A fund manager who buys and sells stocks connects with the in-house dealer, who in turn, contacts an empaneled broker to punch in trades. A direct link with the stock exchange, however, has added benefits and brings about more transparency.

May 30, 2022 / 06:35 AM IST
Representative image.

Representative image.

The last few days have been abuzz with news of Axis Mutual Fund and the alleged front-running case. While no irregularity should go unpunished, we must strive to also improve the systems to reduce the chances of repeat of such incidences. It is in this regard that the incident must also be seen from another perspective.

One news report said the following: “Sources said the dealer/ fund manager punched in trades on behalf of the MF at values that were way higher than the market and received kickbacks from brokers.”

If the above is true, the respective fund manager / dealer must be punished, but at the same time, the involved brokers also must be caught and penalised in the same manner. Both parties are equally guilty.

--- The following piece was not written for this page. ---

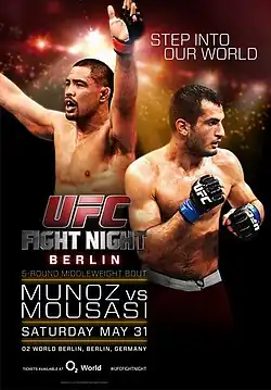 - ↑ «Gegard Mousasi vs. Mark Munoz set for UFC Fight Night 41 main event in Berlin». MMAjunkie.com. 20 de março de 2014. Consultado em 20 de março de 2014

Having said that, some key questions that probably have not been considered so far are: “Why are stock brokers needed by institutional investors like mutual funds that are highly regulated? Why can’t they be given direct access to the stock exchanges and allowed to trade without any involvement of a broker?”

The role of stock brokers


In the earlier days, we had open-outcry based trading system, where brokers’ men would gather and the transactions would take place. The brokers also acted as moneylenders, funding the positions of their clients (known as margin funding). To facilitate the functioning of the stock markets and also as a risk management system, the brokers were critical. In order to add value to their clients, brokerages also provide valuable research reports.

However, times have changed and we have moved to a different era. Mutual funds are large regulated entities. They do not need funding from brokers, as these investors do not invest borrowed funds. MFs are required to undertake delivery-based transactions. In such a case, risk management is already taken care of.

Now comes the value addition in the form of research reports that the broking houses provide. While large fund houses have in-house research capabilities, they can also afford to buy research reports from independent agencies. The availability of research reports cannot justify the need for stock brokers.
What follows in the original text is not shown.